Data records
*****
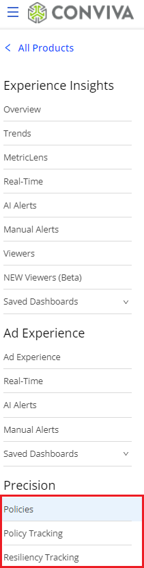 Precision runs as a Conviva Pulse application. To get started with Precision, request permission from your administrator who will contact Conviva Support (support@conviva.com) to have your account enabled. Once your account is enabled, access Precision from the Conviva Pulse application selector in the left navigation panel.
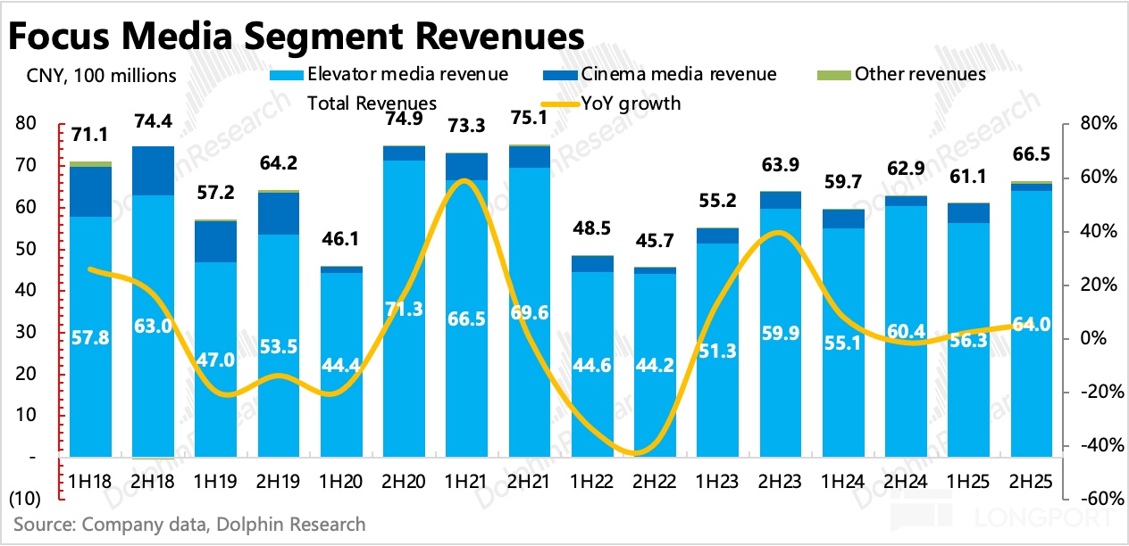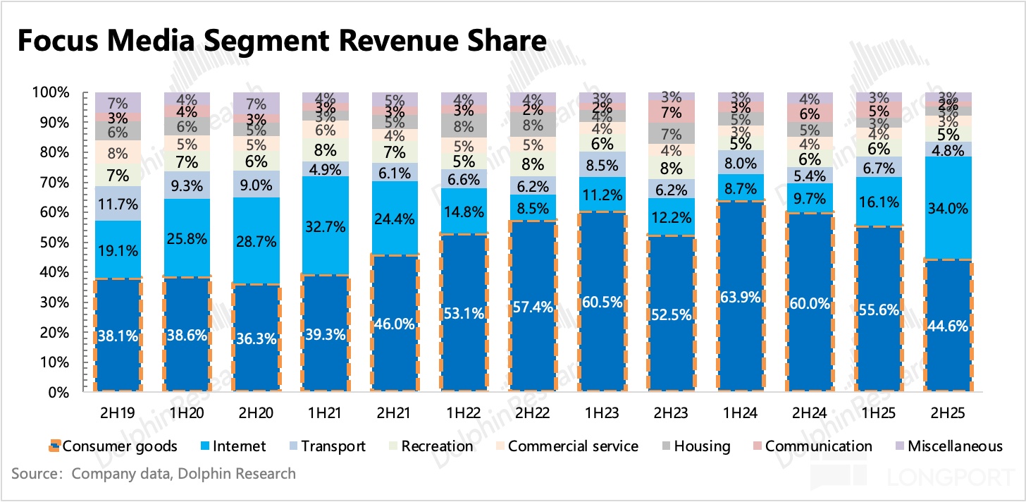 (3)線下投放繞不開的渠道:財報中還有一個有意思的點,就是大廠之間的外賣大戰和 AI 入口之爭的激烈對抗,在分眾來自互聯網客户的廣告收入具象化了。2025 年下半年,互聯網行業的廣告收入同比暴增 270%,絕對值規模達到了 2020 年下半年至 2021 年上半年期間,疫情帶來的線上經濟紅利時期。
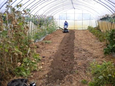 ビニールハウス内を耕して
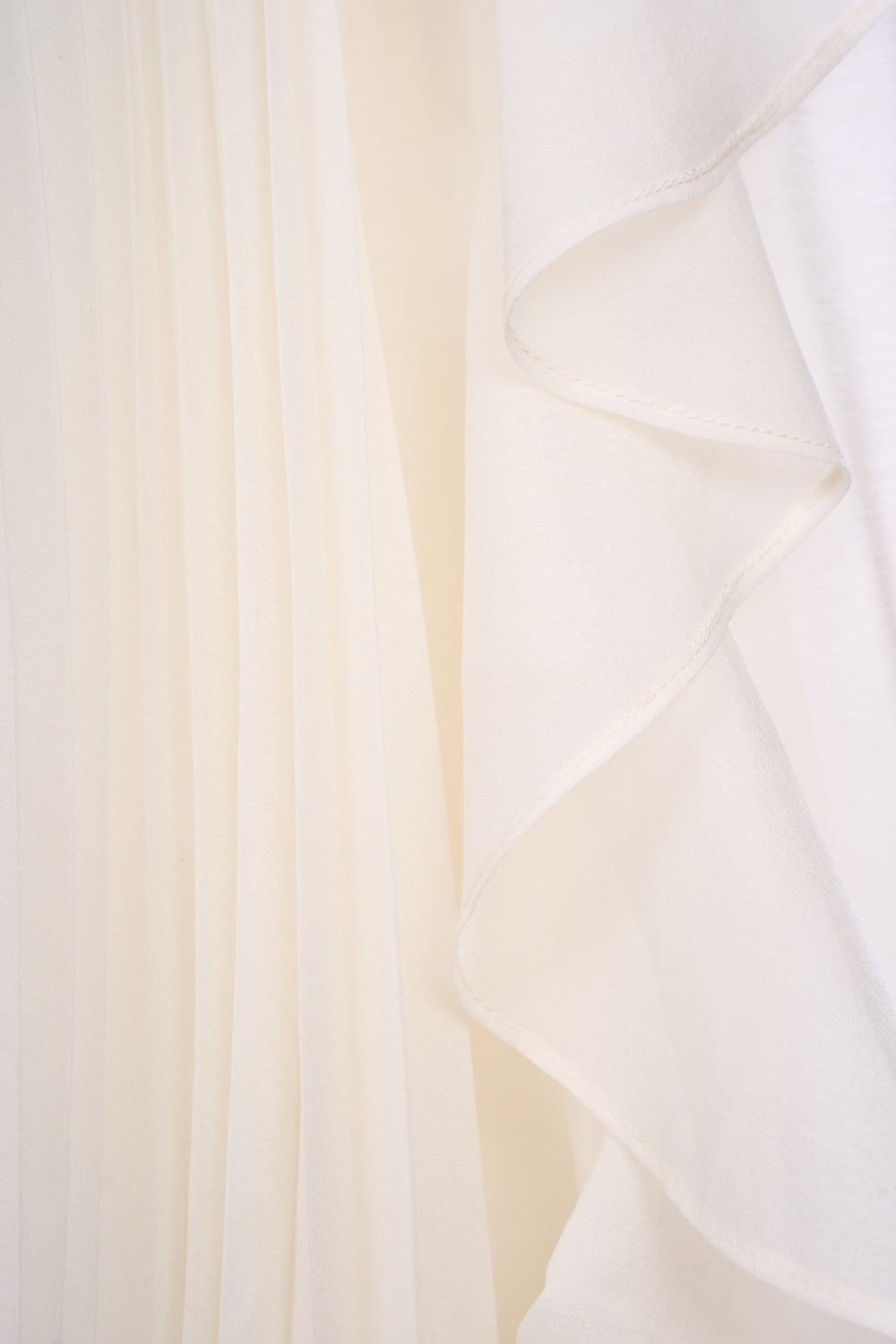Off-shoulder with ruffle trim, Pleated bodice, Silk lining top
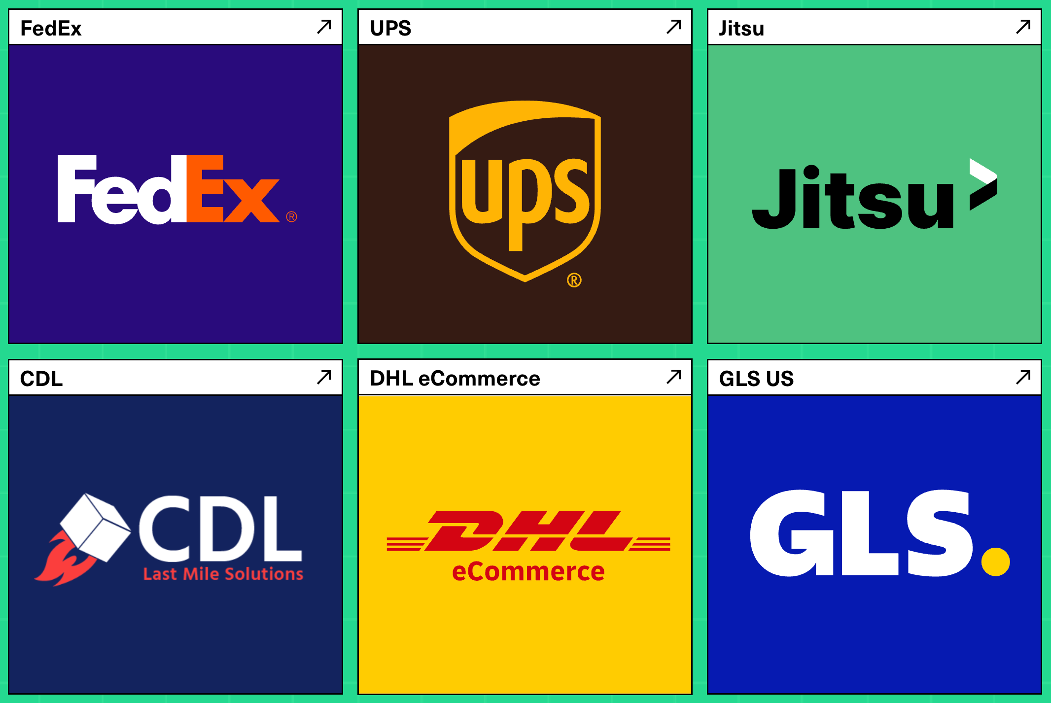 Support for over 100+ carriers worldwide, including major players like DHL, FedEx, UPS, USPS, Canada Post, Australia Post, plus a wide range of regional and international providers
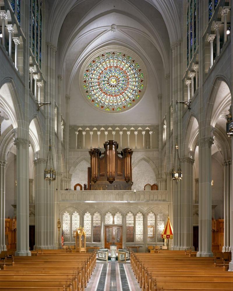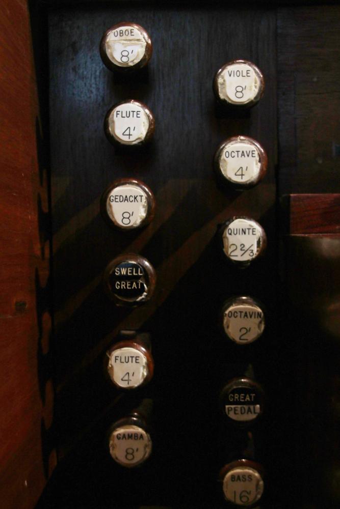 Visited 6/30/22 and recorded. Organ is in usable condition but deserves thoughtful historical restoration. As part of the move from St. Joseph's c. 1970, the pedal was electrified due to space constraints. Pedal ranks are now on stand-alone chests scattered around the balcony. Manual-to-pedal coupler remains mechanical. Drawknob face plates were crudely replaced c. 1970, and it seems some stop names were altered from the original German during this time. Pedal ranks use original drawknobs connected to toggle switches. An earlier stoplist mentioned 8' Oboe as "unavailable," but pipes are present and usable. Same stoplist mentioned an IV Mixtur which now appears on drawknob as a III Cymbale; unknown whether composition of mixture changed at same time.
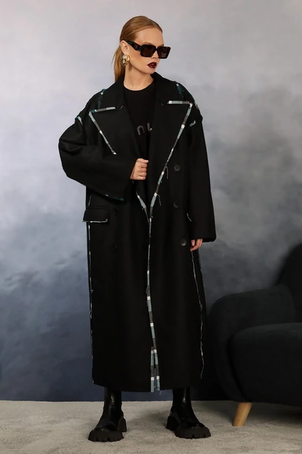 Пальто теплое, подходит для очень холодной осени. Прямой силуэт, спущенная линия плеча. Изделие с двубортной застежкой на 4 петли и пуговицы. Воротник пиджачного типа. На полочках нагрудные вытачки, прорезные карманы в рамку с клапаном, отрезной бочок. Борта прямые. По спинке средний шов и шлица. Длина до середины икры. Изделие на хлопковой подкладке с небольшим начесом. Все швы внутри окантованы. Дизайнерская вышивка на спинке изделия. Отделочные необработанные элементы по всем срезам пальто.
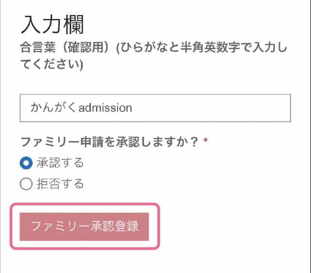 「合言葉」を入力し、「承認する」を選択の上、「ファミリー承認登録」をタップします。これでファミリー申請は完了です。
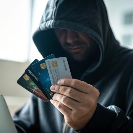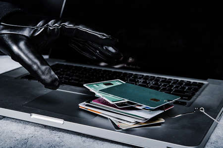 hacker hand stealing data from credit card
*****
▸ GOAL OF THE EXERCISE: Repeat the full set of records exactly, and output no pictures.

▸ EXERCISE OUTPUT:
 Precision runs as a Conviva Pulse application. To get started with Precision, request permission from your administrator who will contact Conviva Support (support@conviva.com) to have your account enabled. Once your account is enabled, access Precision from the Conviva Pulse application selector in the left navigation panel.
 (3)線下投放繞不開的渠道:財報中還有一個有意思的點,就是大廠之間的外賣大戰和 AI 入口之爭的激烈對抗,在分眾來自互聯網客户的廣告收入具象化了。2025 年下半年,互聯網行業的廣告收入同比暴增 270%,絕對值規模達到了 2020 年下半年至 2021 年上半年期間,疫情帶來的線上經濟紅利時期。
 ビニールハウス内を耕して
Off-shoulder with ruffle trim, Pleated bodice, Silk lining top
 Support for over 100+ carriers worldwide, including major players like DHL, FedEx, UPS, USPS, Canada Post, Australia Post, plus a wide range of regional and international providers
 Visited 6/30/22 and recorded. Organ is in usable condition but deserves thoughtful historical restoration. As part of the move from St. Joseph's c. 1970, the pedal was electrified due to space constraints. Pedal ranks are now on stand-alone chests scattered around the balcony. Manual-to-pedal coupler remains mechanical. Drawknob face plates were crudely replaced c. 1970, and it seems some stop names were altered from the original German during this time. Pedal ranks use original drawknobs connected to toggle switches. An earlier stoplist mentioned 8' Oboe as "unavailable," but pipes are present and usable. Same stoplist mentioned an IV Mixtur which now appears on drawknob as a III Cymbale; unknown whether composition of mixture changed at same time.
 Пальто теплое, подходит для очень холодной осени. Прямой силуэт, спущенная линия плеча. Изделие с двубортной застежкой на 4 петли и пуговицы. Воротник пиджачного типа. На полочках нагрудные вытачки, прорезные карманы в рамку с клапаном, отрезной бочок. Борта прямые. По спинке средний шов и шлица. Длина до середины икры. Изделие на хлопковой подкладке с небольшим начесом. Все швы внутри окантованы. Дизайнерская вышивка на спинке изделия. Отделочные необработанные элементы по всем срезам пальто.
 「合言葉」を入力し、「承認する」を選択の上、「ファミリー承認登録」をタップします。これでファミリー申請は完了です。
 hacker hand stealing data from credit card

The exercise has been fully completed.